Data for the task
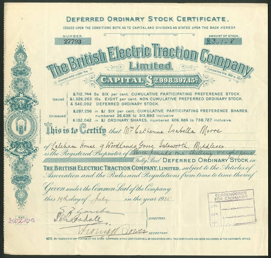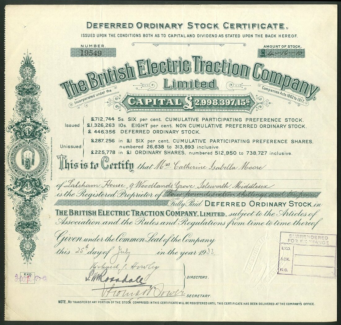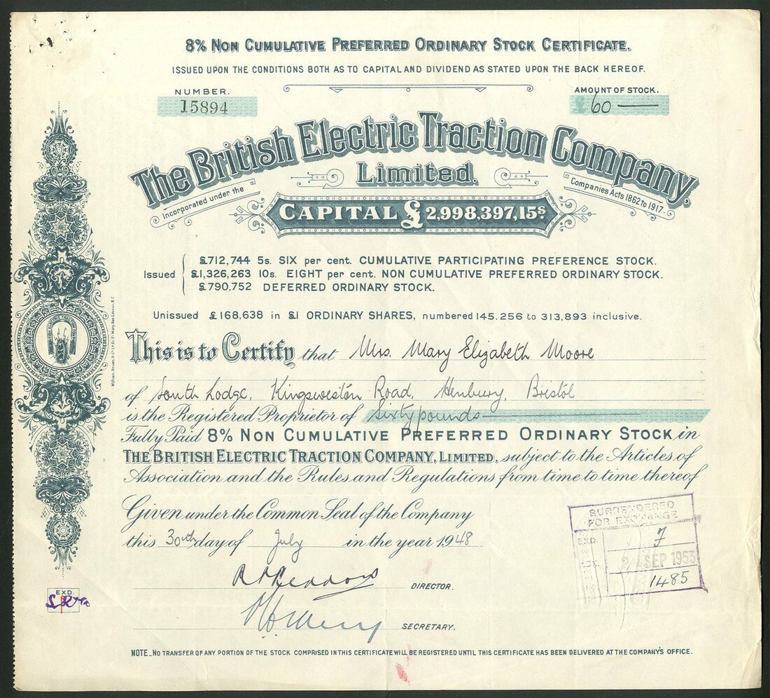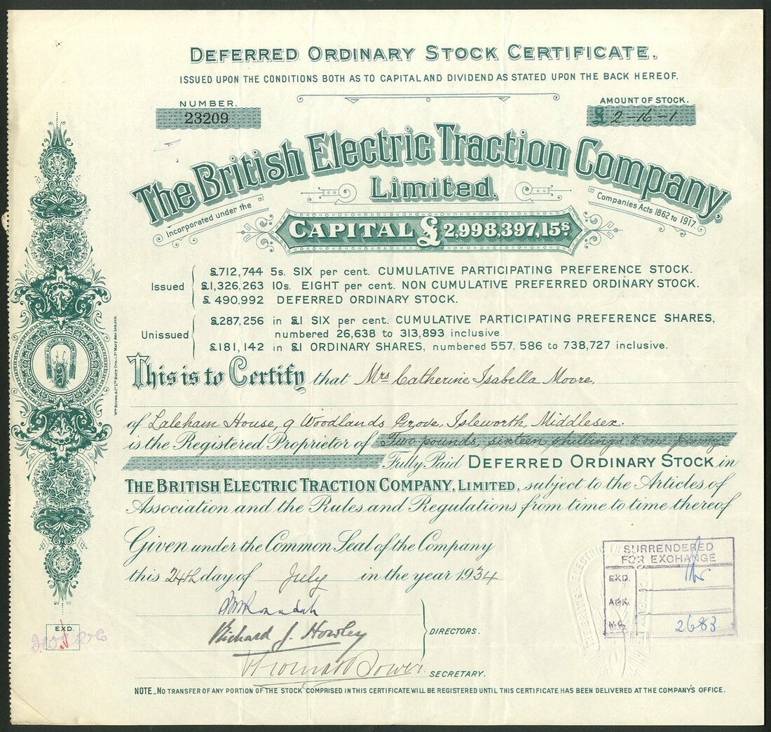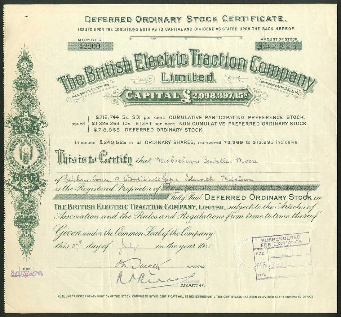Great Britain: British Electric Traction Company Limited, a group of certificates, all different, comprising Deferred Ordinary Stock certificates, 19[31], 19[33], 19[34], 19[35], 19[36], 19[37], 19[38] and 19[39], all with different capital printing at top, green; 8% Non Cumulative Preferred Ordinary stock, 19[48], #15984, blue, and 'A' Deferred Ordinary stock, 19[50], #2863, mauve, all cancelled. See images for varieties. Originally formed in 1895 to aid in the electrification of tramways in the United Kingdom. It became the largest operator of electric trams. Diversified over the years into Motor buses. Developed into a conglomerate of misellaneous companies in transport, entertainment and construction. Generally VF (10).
...
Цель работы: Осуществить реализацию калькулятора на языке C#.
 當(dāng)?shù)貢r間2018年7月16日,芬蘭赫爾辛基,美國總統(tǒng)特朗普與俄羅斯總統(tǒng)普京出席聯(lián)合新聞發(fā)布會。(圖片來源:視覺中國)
...
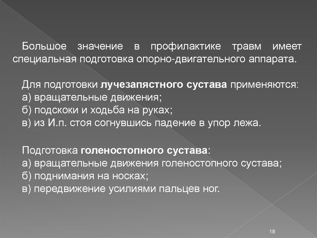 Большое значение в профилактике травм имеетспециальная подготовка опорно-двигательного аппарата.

Your objective
Would you print exactly, and only, the lines of the data above from the line with "Цель работы: Осуществить" through the line with "當(dāng)?shù)貢r", inclusive?

Result of the exercise
Цель работы: Осуществить реализацию калькулятора на языке C#.
 當(dāng)?shù)貢r間2018年7月16日,芬蘭赫爾辛基,美國總統(tǒng)特朗普與俄羅斯總統(tǒng)普京出席聯(lián)合新聞發(fā)布會。(圖片來源:視覺中國)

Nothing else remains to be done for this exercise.